FIG. 1 is a diagram showing a rolling mill arrangement of a tandem rolling apparatus according to an embodiment of the present invention, and FIG. 2 is an A I diagram of g1. 46 is a detailed explanatory diagram of the rolling mill and a diagram showing the plate crown, Figure 3 is a diagram showing the plate crown due to the thermal crown of the work roll, Figure 4 is a plate crown control characteristic diagram of various rolling mills, and Figure 5 is a diagram showing the plate crown in 5US304. Figure 6 is a diagram showing the relationship between total rolling reduction and static restraint deformation resistance. Figure 6 is a diagram showing the crown of the plate after high reduction by applying various rolling mills to the first stand of a tandem rolling edge device. Figure 7 is a diagram showing the relationship between the total rolling reduction rate and static restraint deformation resistance.
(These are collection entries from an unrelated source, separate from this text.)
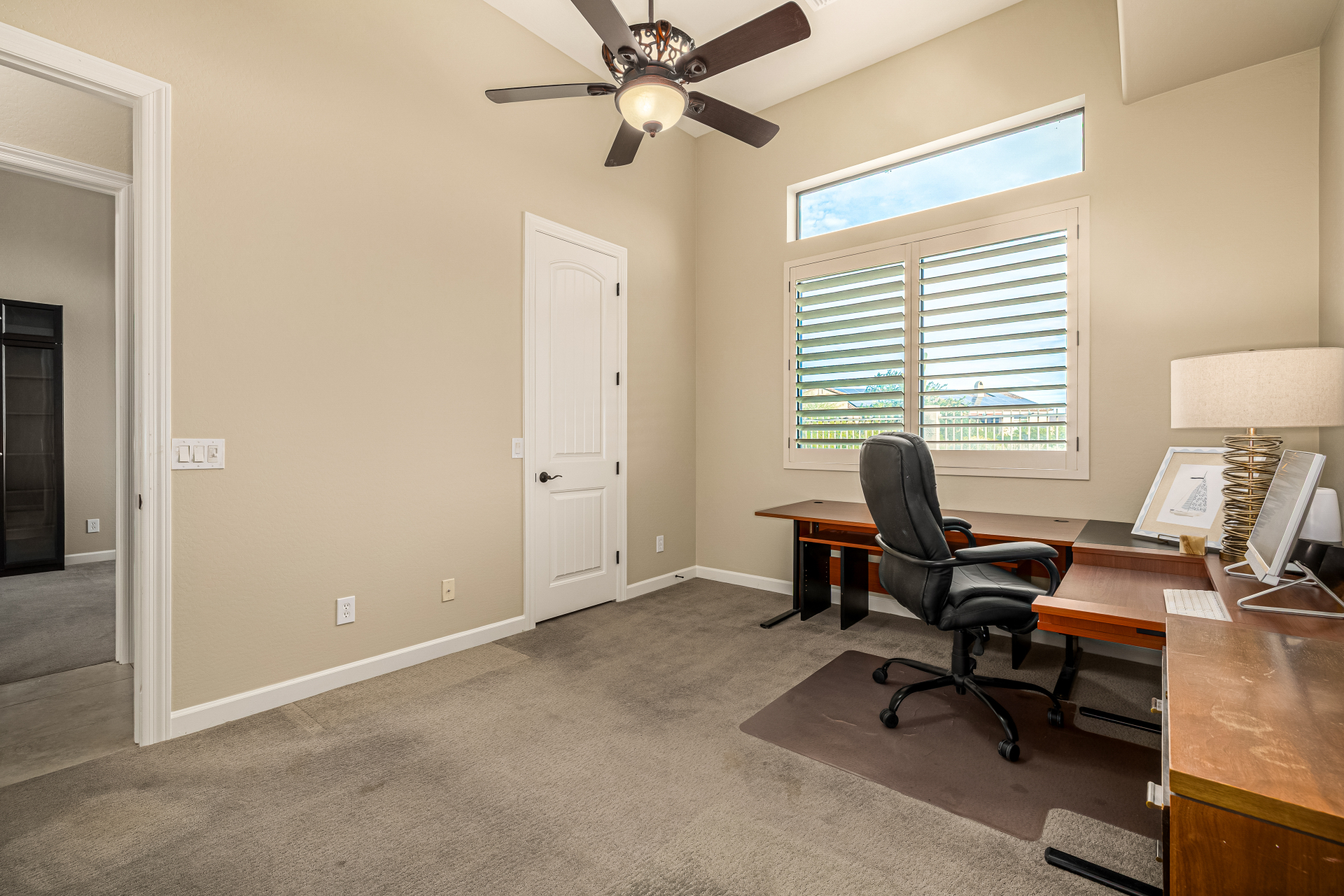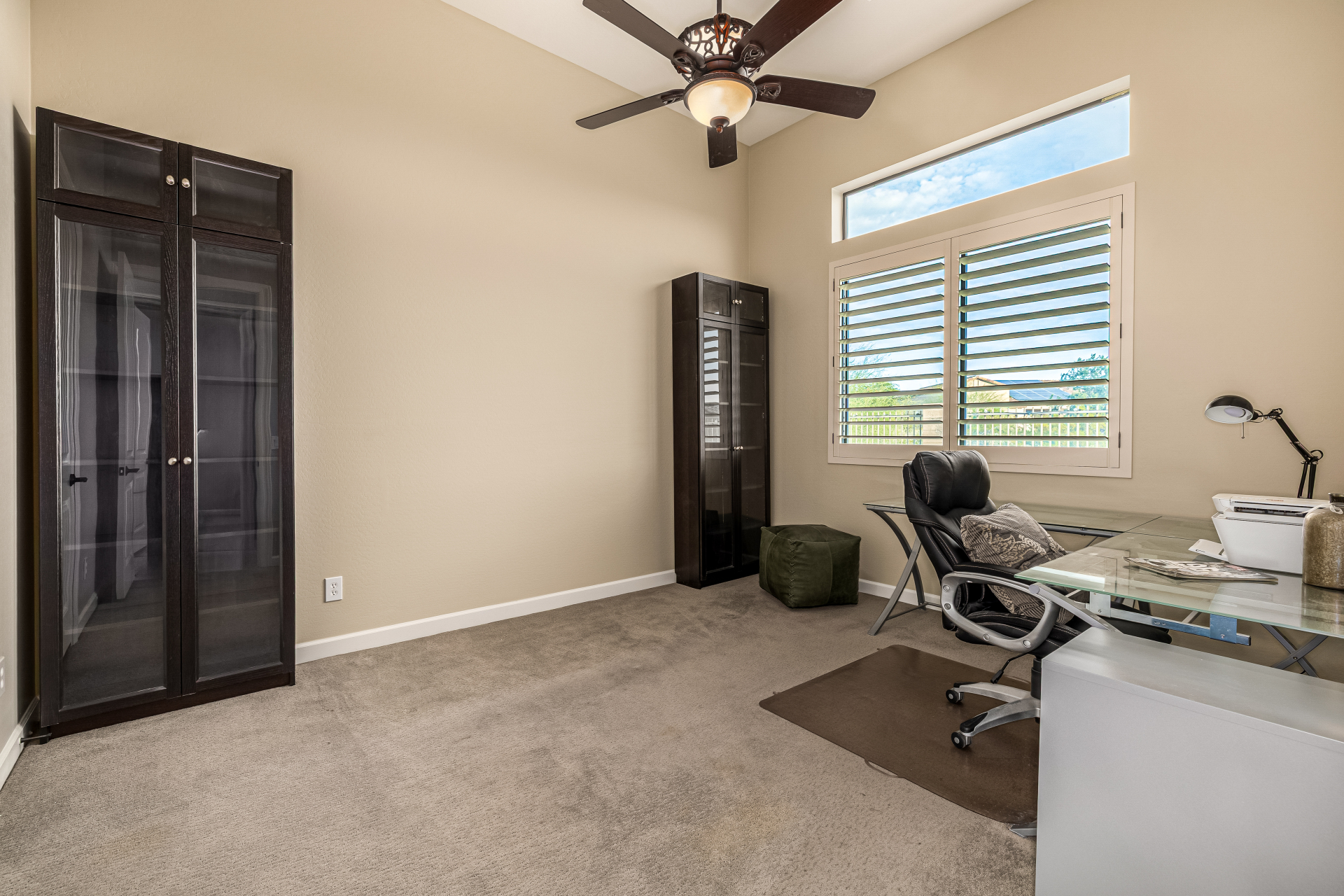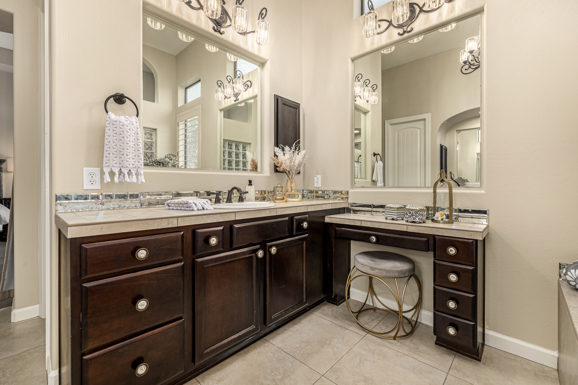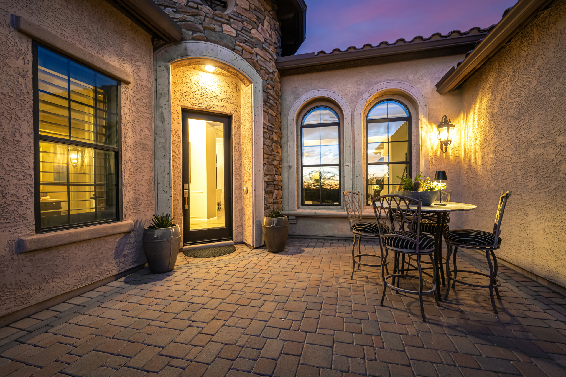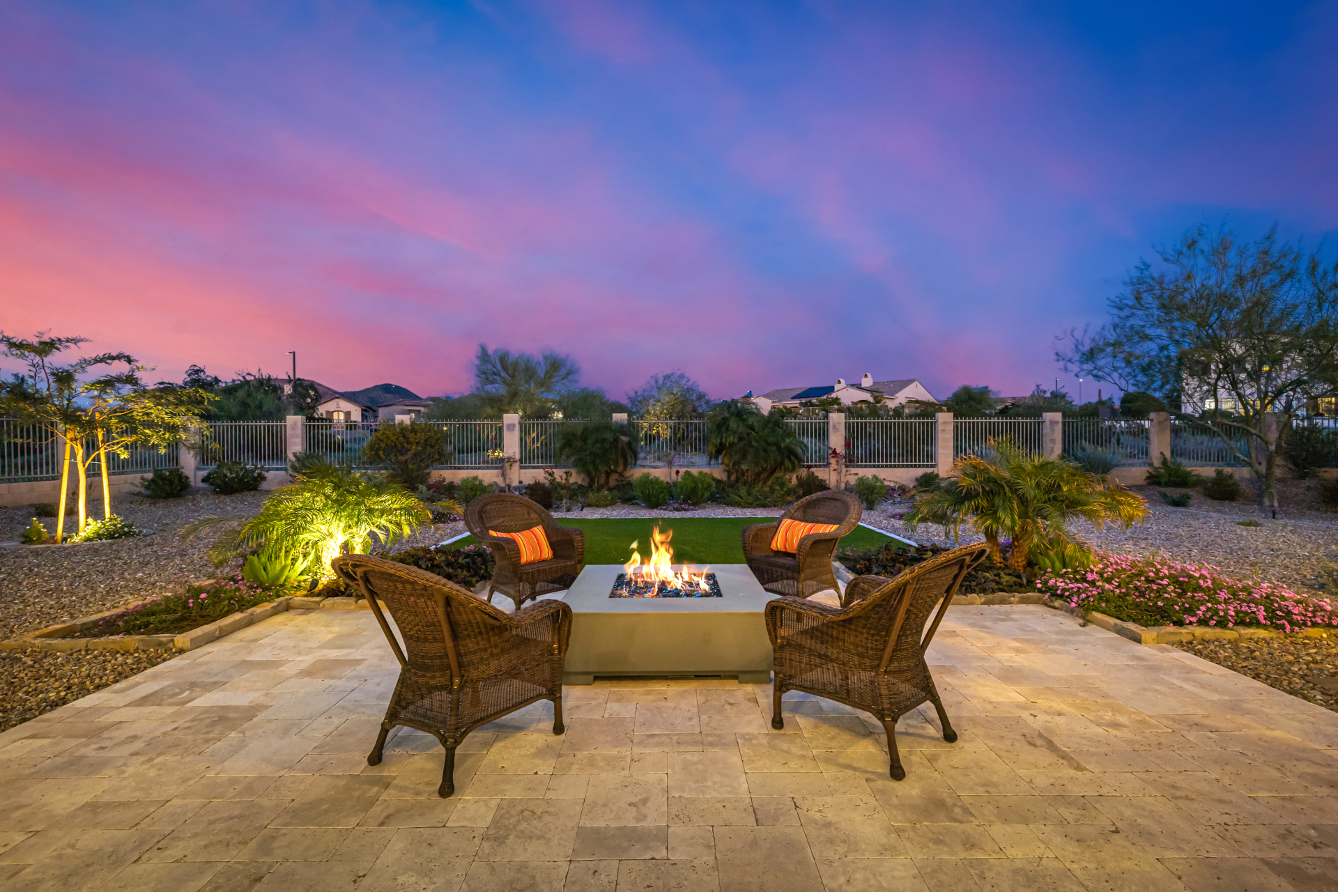Exquisite semi-custom home on an expansive acre-plus lot, ideally positioned on a quiet cul-de-sac and surrounded by acres of pristine desert washes with breathtaking mountain views. Exceptional curb appeal sets the tone with modern custom garage doors, beautiful landscaping, and a private courtyard entry. This single-level residence offers 4 bedrooms and 3.5 baths, thoughtfully designed for privacy and functionality. Enter through the rotunda foyer, which provides access to the main home or the attached private casita—a full ensuite ideal for guests, multi-generational living, or a comfortable in-law suite. The main home showcases impressive upgrades throughout, including coffered ceilings, shiplap accent walls, plantation shutters, & designer lighting. Elegant formal living & dining areas create inviting spaces for entertaining.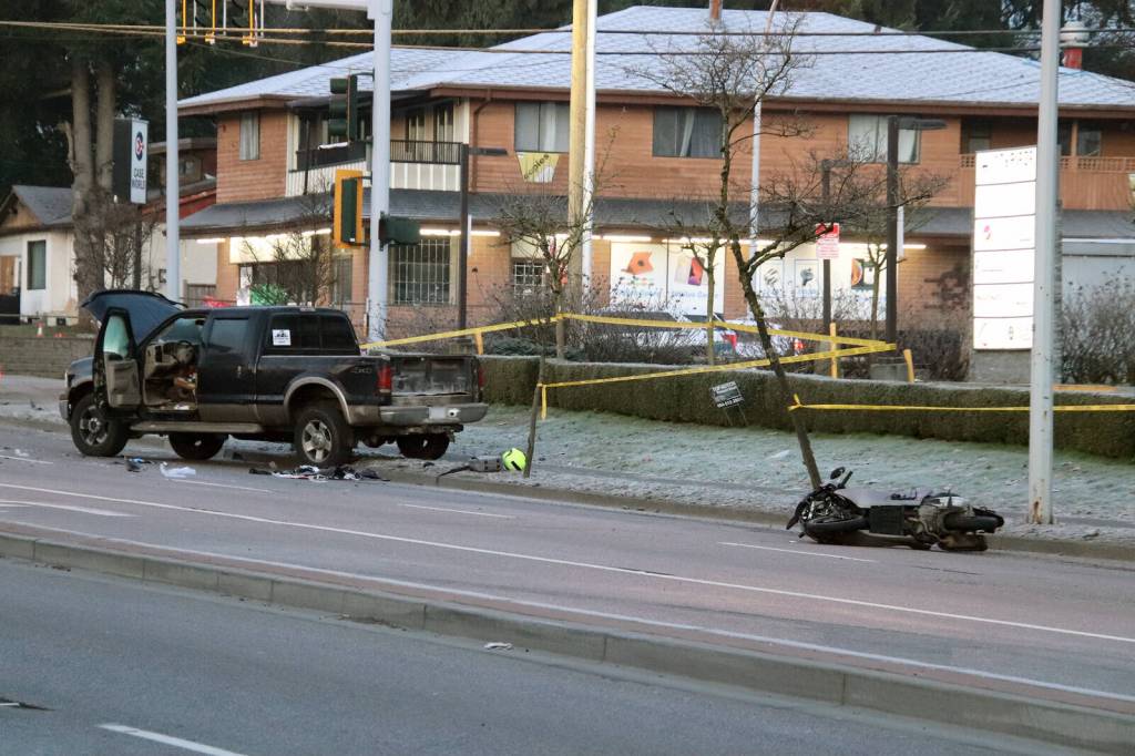 Witnesses report that a marked police vehicle had been following a stolen black Ford F350 before the collision took place several blocks away at 128 Street. While some social media chatter suggests the scooter rider has unfortunately died, the Surrey Police Service (SPS) has not confirmed this, citing an ongoing investigation by the Independent Investigations Office of B.C. (IIO).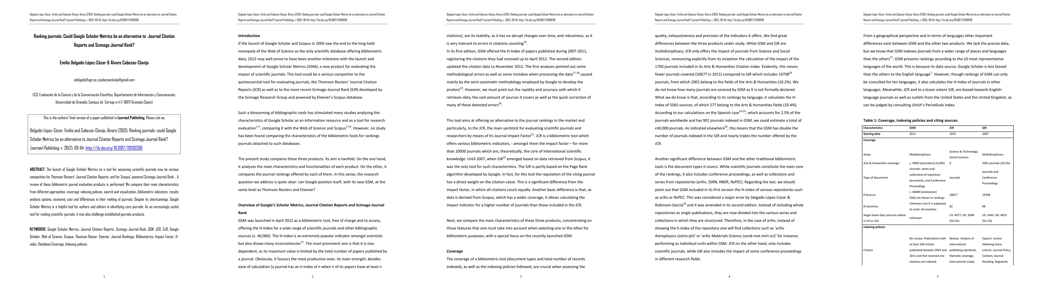 This paper reviews Google Scholar Metrics as a potential alternative to established journal ranking tools like Journal Citation Reports and Scimago Journal Rank, comparing their coverage, indexing policies, and bibliometric indicators. Despite its limitations, Google Scholar Metrics offers valuable insights for authors and editors, potentially challenging the dominance of traditional ranking systems.
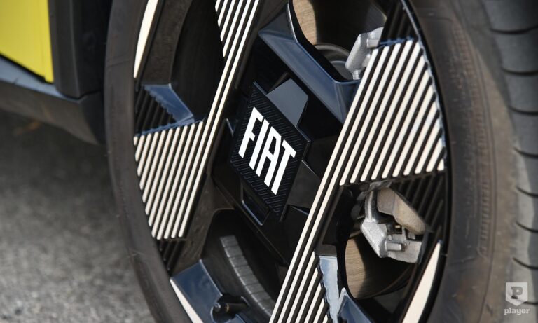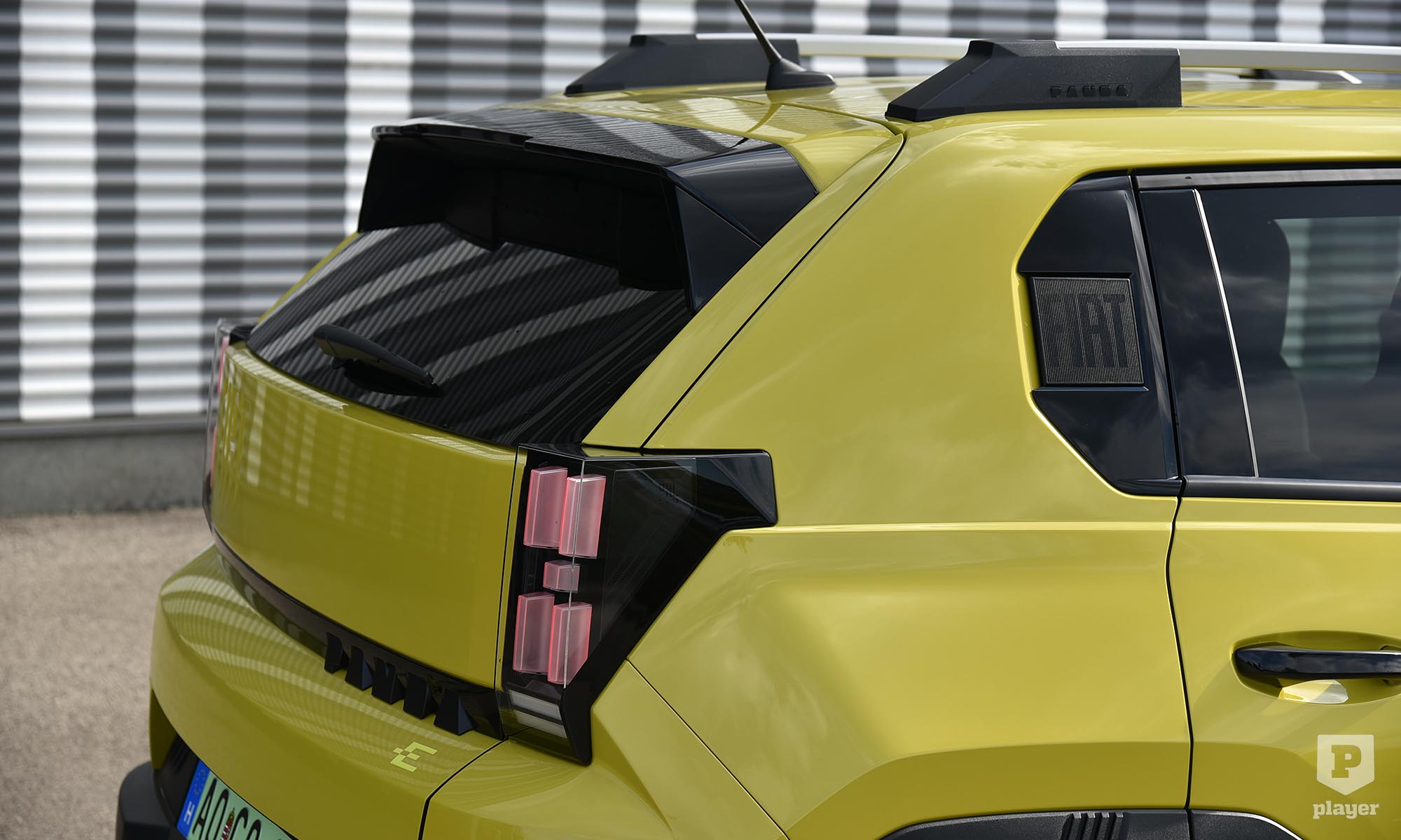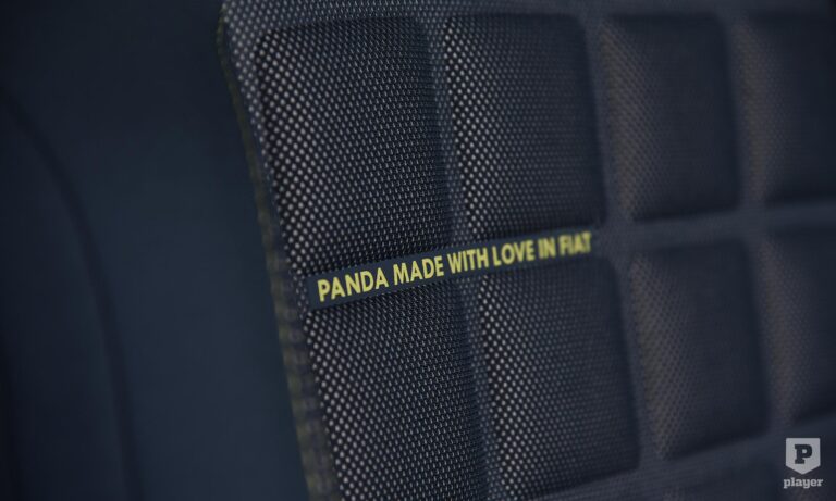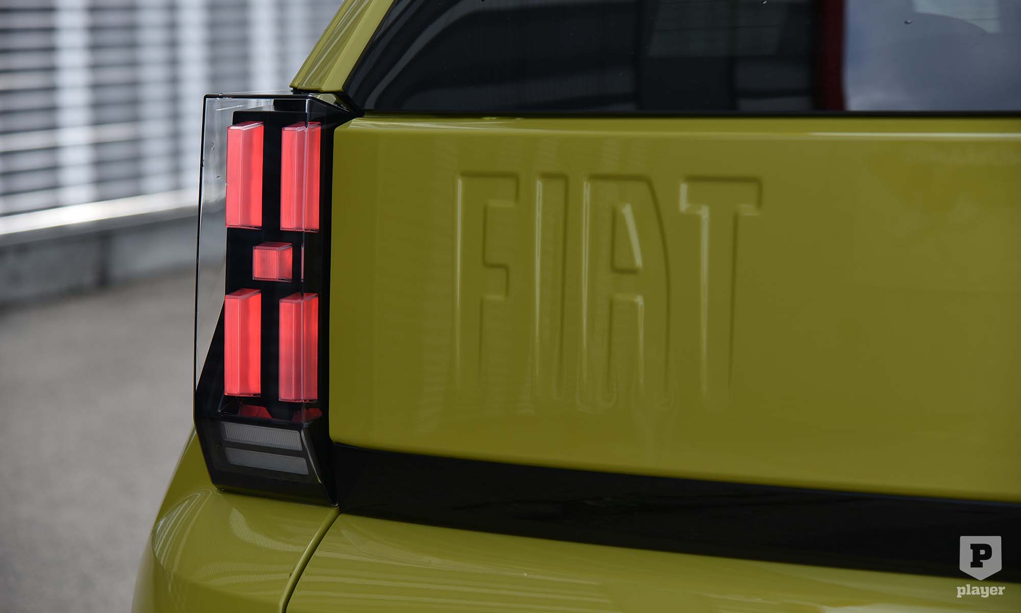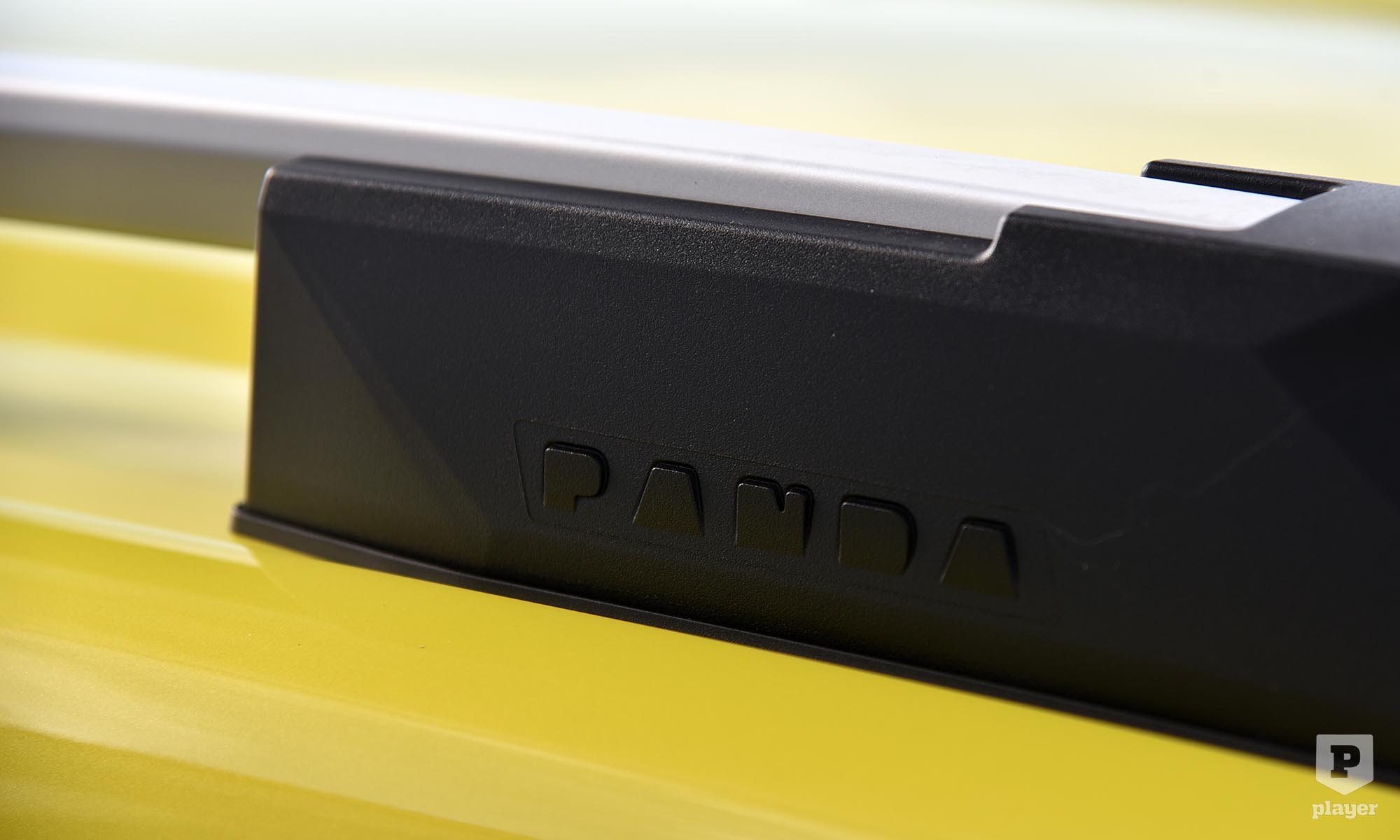 Karakteres Grande Panda-részlet még a lemezbe nyomott felirat, az oldalajtókban a PANDA, a csomagtérfedélen a FIAT olvasható, a szintén a csomagtérajtón látható, 3D-s PANDA betűkben pedig több a kreativitás, mint amennyi néha egy-egy teljes autókarosszériára jut. A feliratokon kívül is jellegzetes a magas far, a hátsó lámpában is ott van az X, a nagy felületet ügyesen osztják fel a fekete elemek, ez a kommunikációs színként is használt, a La Primánál alapáras sárga színnél remekül látszik. Múltidéző a C oszlop dekorációja is, de ez kivételesen nem az első Pandát, hanem iskoláskorom menő vonalzóit idézi, amelyek attól függően mutattak más képet, hogy honnan pillantottunk rá. Itt színek nincsenek, nézőpontot váltva FIAT felirat vagy fiatos ferde csíkok viszont vannak.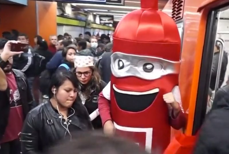 เม็กซิโกซิตี 14 ก.พ.- ทีมงานในหุ่นถุงยางอนามัยยักษ์และอาสาสมัครออกประชาสัมพันธ์แจกถุงยางอนามัย 100,000 ชิ้นตามสถานีรถไฟใต้ดินและทางผ่านผู้คนทั่วกรุงเม็กซิโกซิตี

Figure 8 shows the sheet thickness reduction curves for a 6-stand tandem rolling mill using a 4-high rolling mill and a 6-stand tandem rolling mill using a 6-high rolling mill. FIG. 2 is a diagram showing the configuration of a flattening machine for controlling the cutting edge and the plate crown. 10.12...Work roll, 14.16...Reinforcement roll, 18.20...Intermediate roll.

Claims (1)

[Claims] 1. In a tandem rolling device that continuously rolls a material to be rolled in multiple stages using a plurality of rolling mills arranged in series, at least one of the front and rear rolling mills is rotatably supported by a housing. A pair of work rolls, a work roll bending means that applies bending force to these work rolls, a pair of intermediate rolls rotatably disposed in contact with the outside of the pair of work rolls, and an axis line of the pair of intermediate rolls. intermediate roll shifting means for moving in mutually opposite directions along the pair of intermediate rolls; intermediate roll bending means for applying bending force to the pair of intermediate rolls; and a pair of intermediate rolls rotatably disposed in contact with the outside of the pair of intermediate rolls. A tandem rolling device characterized by having a reinforcing roll.